Workers Party Councillor Ted Tynan has expressed concern about repeated breakdowns of radiotherapy machines at Cork University Hospital. Although replacement machines have long been promised the older machines are still being used and breakdowns are a regular occurrence.
In November 2013 Cllr. Tynan raised the issue at a meeting of the HSE South Forum where he said that frontline radiotherapy services at CUH were being compromised because outdated equipment had not been replaced in a timely manner due to budget cuts. At that time a number of patients had contacted the Workers’ Party councillor informing him that the radiotherapy unit was only operational three days a week due to machines breaking down. The situation has not noticeably improved since then.

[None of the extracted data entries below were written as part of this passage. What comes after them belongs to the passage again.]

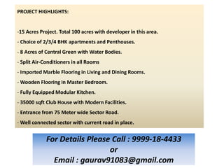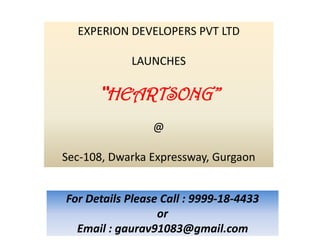 Experion Developers Pvt Ltd is launching a new housing project called "Heartsong" located in Sec-108, Dwarka Expressway, Gurgaon on a 15-acre plot. The project will consist of 2/3/4 BHK apartments and penthouses with amenities such as a central green area, clubhouse, modular kitchens and marble flooring. Investors can benefit from no pre-launch costs for the first 100 bookings and first transfer free, along with competitive rates starting from INR 5500 per square foot.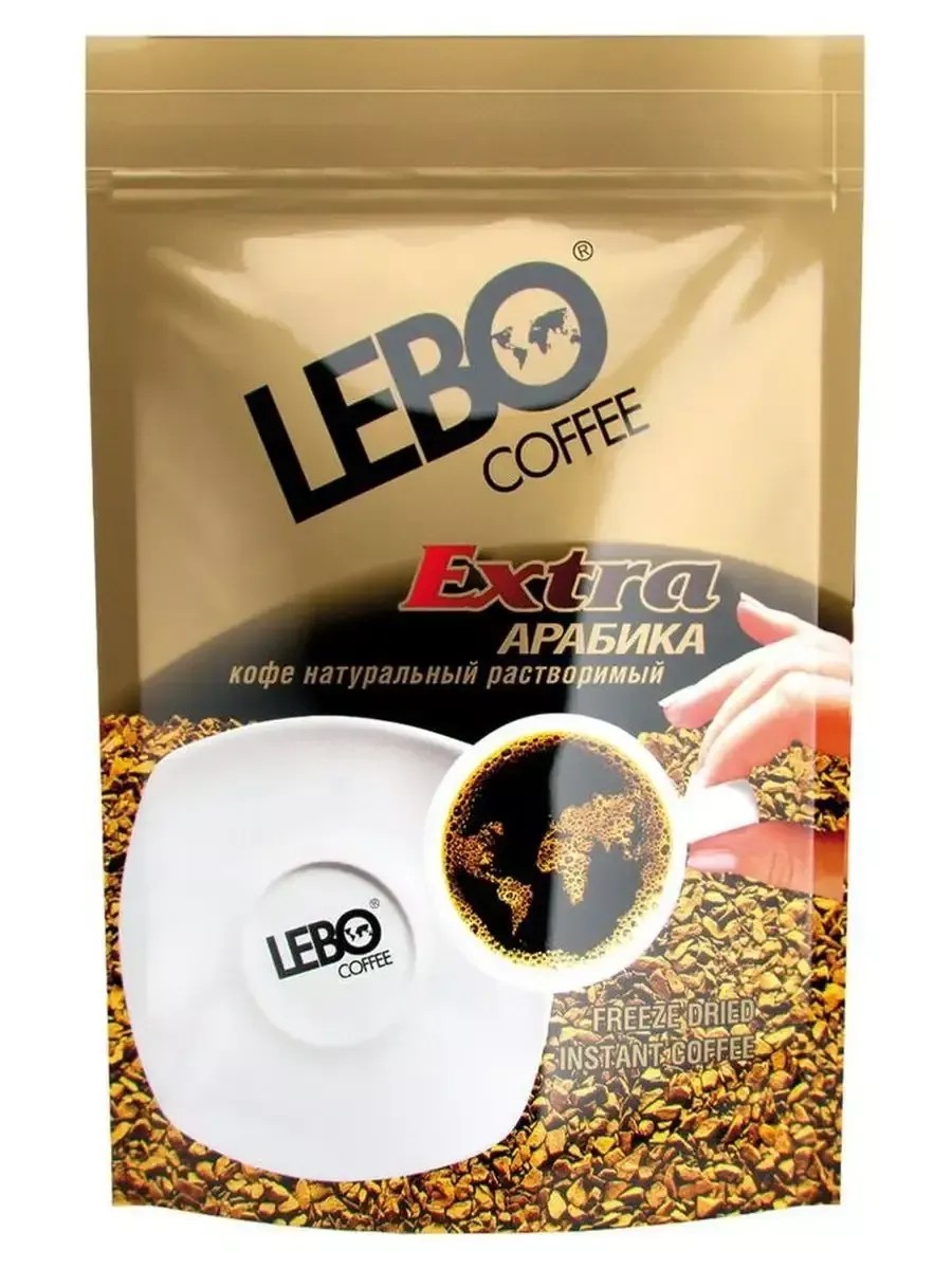 Lebo Extra Кофе сублимированный 100 г. Натуральный растворимый сублимированный кофе Lebo Extra обладает всеми вкусовыми достоинствами и сохраняет полезные свойства натурального кофе. Насладитесь ярким вкусом без лишних усилий, заваривая растворимый кофе прямо в чашке. Достоинство линейки Extra в полноте и богатстве вкуса, украшенном нотками шоколада и апельсина. Хорошее утро начинается с Lebo !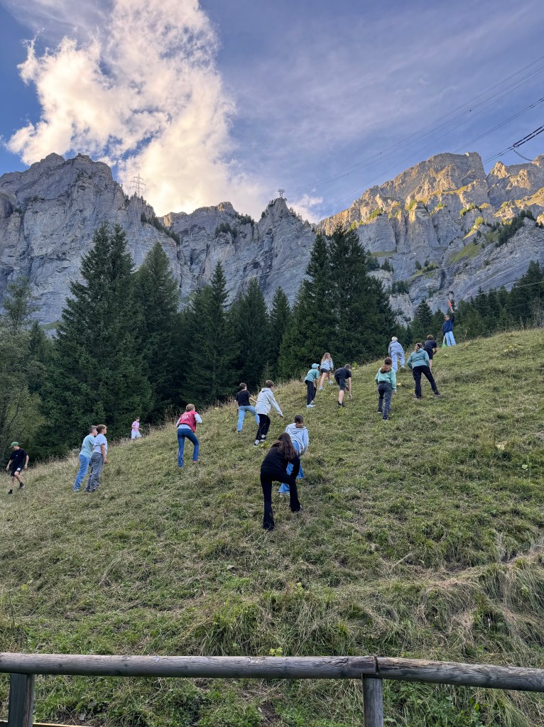 Wir sind am Mittwoch Wandern gegangen auf einen Berg. Wir sind zuerst mit der Seilbahn auf den Berg gefahren die Seilbahn hiss Gemi glaube ich. Als wir oben ankamen, sind wir zuerst auf die schwebe Plattform gegangen. Danach sind wir los gewandert wir sind auf einem Weg gewandert, der zu einer Hölle geführt hat. Die Hölle war klein und eng und nass. Danach sind wir auf einem schönen Stein Weg gekommen da sind wir etwa 50min gewandert der weg war gerade und schön. Nach den 50 min kam eine Brücke über einen Bach da haben wier ein Foto mit allen fast allen Kindern, die da waren, ein Foto gemacht. Als wir mit dem Foto fertig waren, ging es an den Hügel, auf dem das Haus stand, wo wir hinwollten. Es ging los ich konnte nach den ersten paar Minuten nicht mehr, aber wir sahen Murmeltiere. Es gab ein teil vom weg der steil war und rutschig war da musste man sich an einem Seil halten. Als wir oben ankamen, haben wir das Mittagessen gegessen. Dan haben wir einen Stein turn mit der Zimmergruppe gemacht. Danach sind wir alles zurück und die die wollten konnten vom Berg runter Wandern und bekam dafür Zimmerpunkte. Danach hatten wir 3stunden Pause. Danach sind wir grillieren gegangen und haben spiele gespielt danach war der Tag Fertig.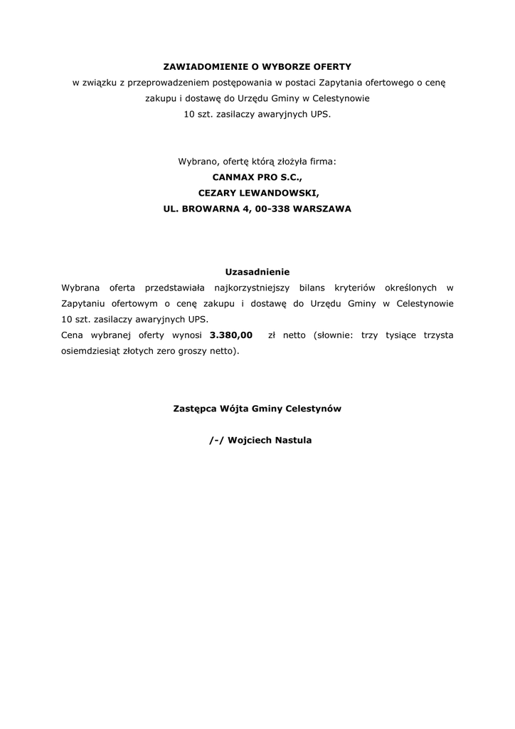 ZAWIADOMIENIE O WYBORZE OFERTY w związku z przeprowadzeniem postępowania w postaci Zapytania ofertowego o cenę zakupu i dostawę do Urzędu Gminy w Celestynowie 10 szt. zasilaczy awaryjnych UPS. Wybrano, ofertę którą złoŜyła firma: CANMAX PRO S.C., CEZARY LEWANDOWSKI, UL. BROWARNA 4, 00-338 WARSZAWA Uzasadnienie Wybrana oferta przedstawiała najkorzystniejszy bilans kryteriów określonych w Zapytaniu ofertowym o cenę zakupu i dostawę do Urzędu Gminy w Celestynowie 10 szt. zasilaczy awaryjnych UPS. Cena wybranej oferty wynosi 3.380,00 zł netto (słownie: trzy tysiące trzysta osiemdziesiąt złotych zero groszy netto). Zastępca Wójta Gminy Celestynów /-/ Wojciech Nastula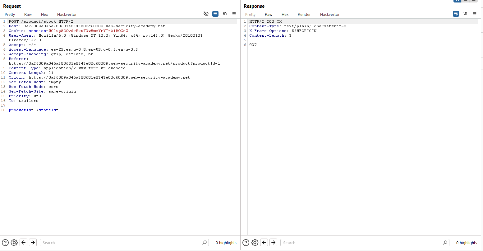 Comenzamos, de nuevo, mapeando la petición vulnerable, que es el checking de stock de un producto: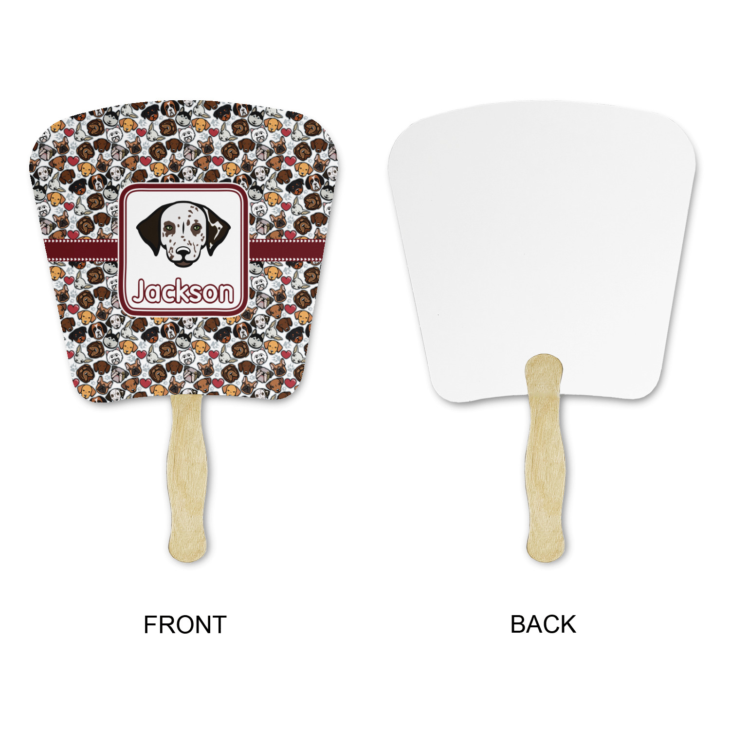 We have all 12 dogs in our design elements library, so you can switch out the dog face that works for you and customize the design to suit your needs.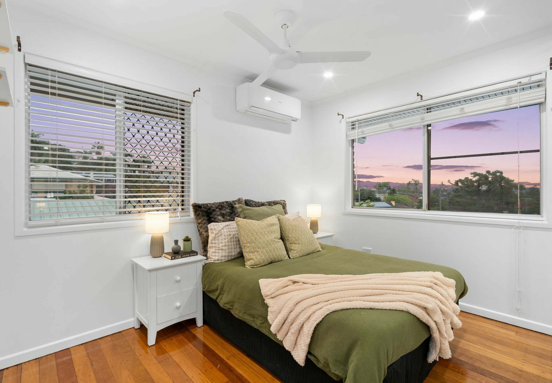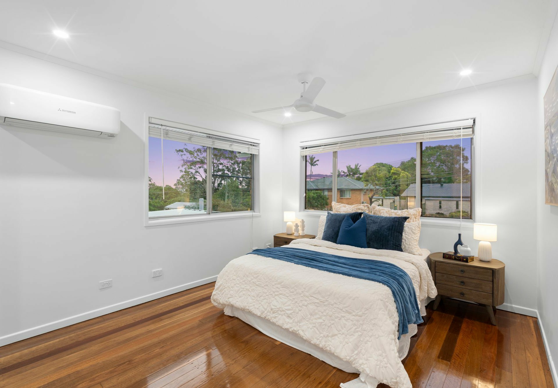The sleeping wing sits at one end of the house, the three bedrooms all with BIRs, one with split-system AC & rest with fans - and floating storage cabinet.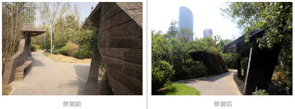 本次工程主要包括高速廣場(chǎng)及三館廣場(chǎng)重竹地板維修、木棧道路修復(fù)、局部河道清淤三項(xiàng)主要內(nèi)容,其余還有修補(bǔ)滲水方磚地面、廣場(chǎng)金屬欄桿刷漆、廣場(chǎng)區(qū)域休息座凳整修、廣場(chǎng)區(qū)域木質(zhì)墻面固定刷漆、跨河石橋欄板地面局部飾面板缺失等零星工程,均為在原貌基礎(chǔ)上進(jìn)行修復(fù)。工程完工后,集團(tuán)下一步將委托專門的維護(hù)單位對(duì)臘山河進(jìn)行常規(guī)維護(hù),讓臘山河水常清、岸常綠。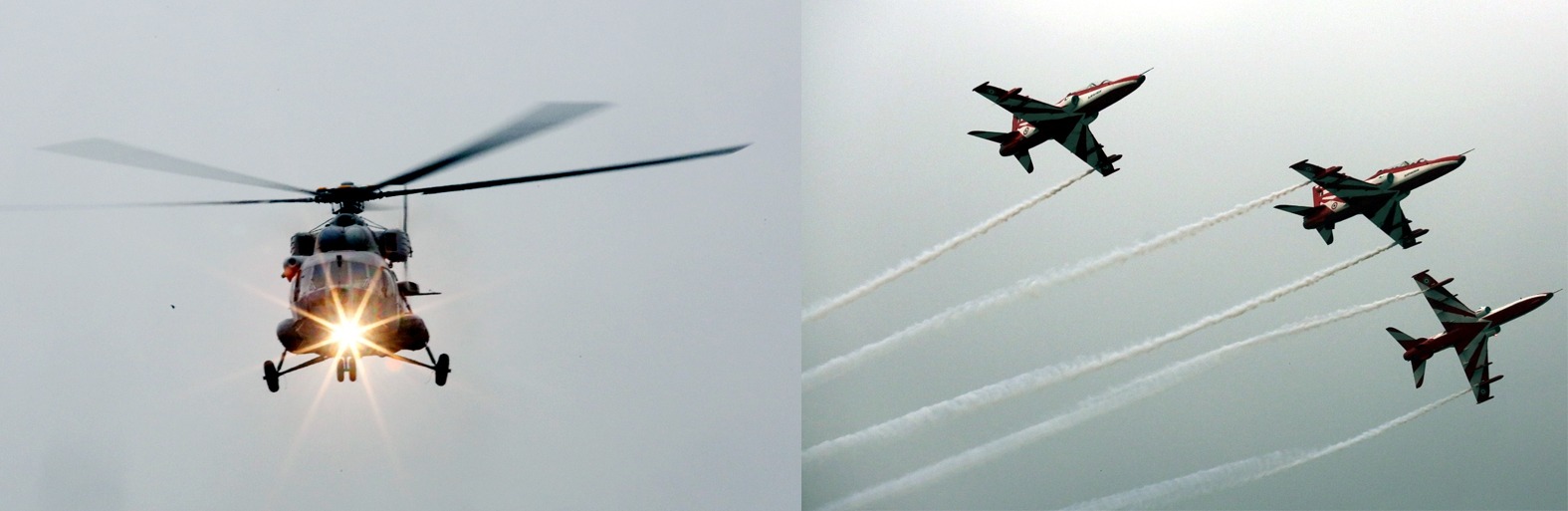 The event began with mesmerizing Free Fall display by Akashganga Daredevil Skydiving Team, who dived with the Indian Flag and the IAF flag, enthralling the huge audience. The touch down of the 14 member Akash Ganga sky diving team of the Indian Air Force was cheered by huge gathering who were enjoying the event in full swing.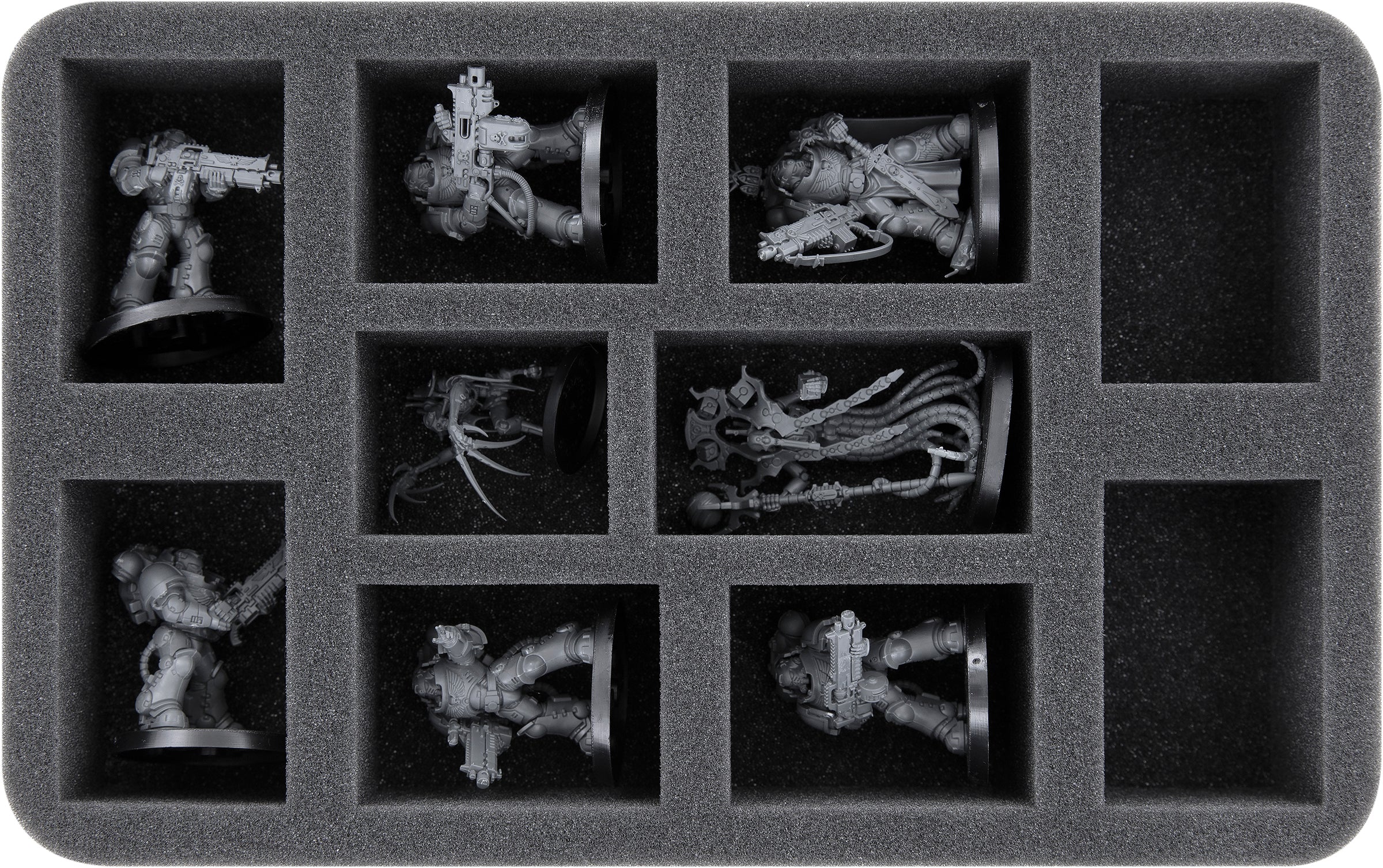 - 1 Half-Size foam tray for 1 Space Marine Captain and 5 Heavy Intercessors + Chronomancer and 1 Flayed One (HSLM050BO)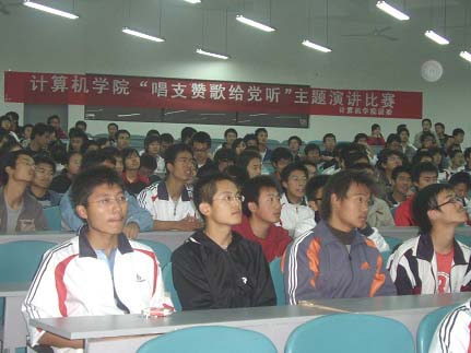 为了进一步在公司广大青年员工中深入开展学习十七大报告系列活动,11月9日下午,计算机公司在新校区D楼212开展了一次别开生面的“唱支赞歌给党听”主题演讲比赛,公司党委副书记王卫东、团委书记靳珠、辅导员王晓辉、邢薇薇出席了本次活动,此外,理公司团委书记房亮也应邀出席了本次演讲比赛,来自计算机公司的近400名员工观看了本次演讲比赛。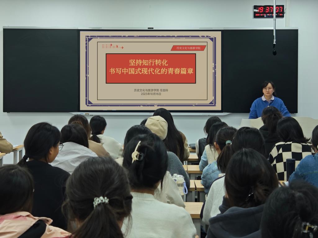 开班仪式结束后,任书记为本次培训讲授了第一讲。她以“坚持知行转化,书写中国式现代化的青春篇章”为主题,从中国传统的知行合一思想、习近平的知行观、当代大学生的知行观培养、新时代知与行的思想指引和行动指南四个方面进行了深入讲解。课程中任书记结合今年纪念抗日战争胜利暨世界反法西斯战争胜利80周年纪念活动,多次与同学们进行交流互动,引导大家以史明志,深刻理解国家独立和民族尊严的艰辛历史,树立文化自信,强化使命担当,勇于实践,知行合一。同学们积极响应并认真做笔记。任书记的授课内容丰富、深入浅出,为同学们上了一堂生动而有意义的思想政治教育课,使同学们对知行转化有了更深刻的理解和认识。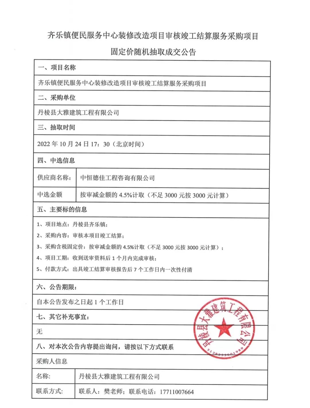 齊樂鎮便民服務中心裝修改造項目審核竣工結算服務采購項目固定價隨機抽取成交公告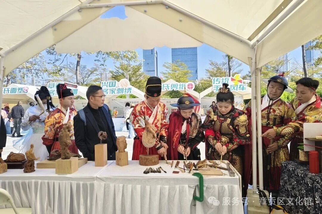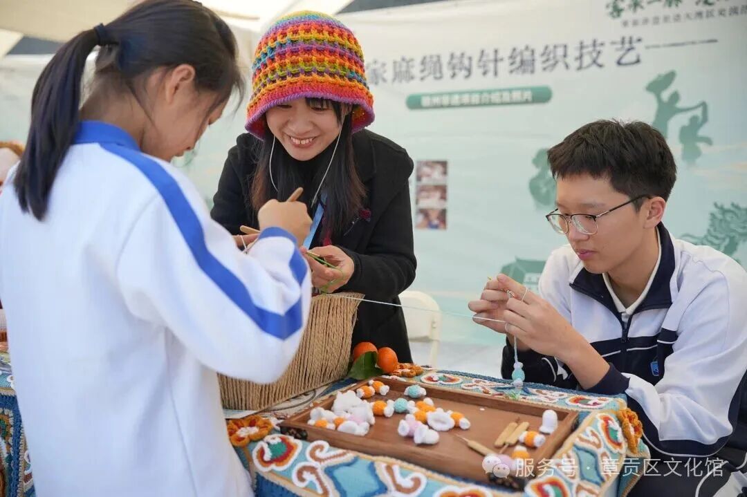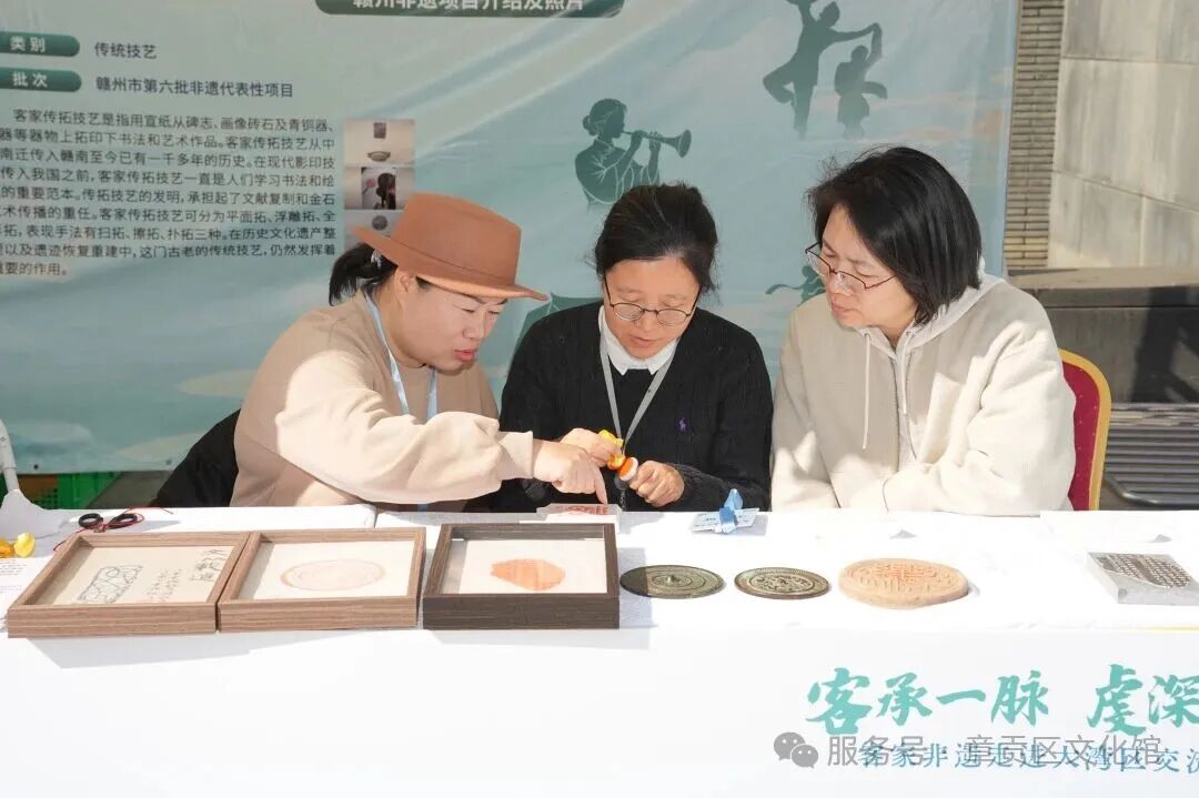 同日,“客承一脉 虔深共展”客家非遗走进大湾区交流活动在深圳图书馆启动。章贡客家竹雕、章贡客家根雕、客家麻绳钩针编织技艺、客家传拓技艺、章贡客家擂茶习俗、客家草本发酵合香制作技艺6个章贡非遗代表性项目现场展示。深圳市民在代表性传承人指导下,感受雕刻、拓印、编织、擂茶、制香技艺,零距离体验客家美学与宋城雅韵,完成了一次从“观看”到“体验”的深度文化对话。

Cllr. Tynan said that the number of radiotherapy treatment centres should be increased from three locations (Dublin, Cork and Galway) to at least five as pressure of numbers is straining the system to breaking point. He said penny-pinching of vital services such as radiotherapy was completely unacceptable.
At present Cork University Hospital is providing radiotherapy treatment for patients from the entire HSE South area which is almost as big as the entire country of Belgium. Cllr. Tynan said that the urgent replacement of radiotherapy equipment in Cork needed to be coupled with the restoration of a full public radiotherapy service in Waterford Regional Hospital.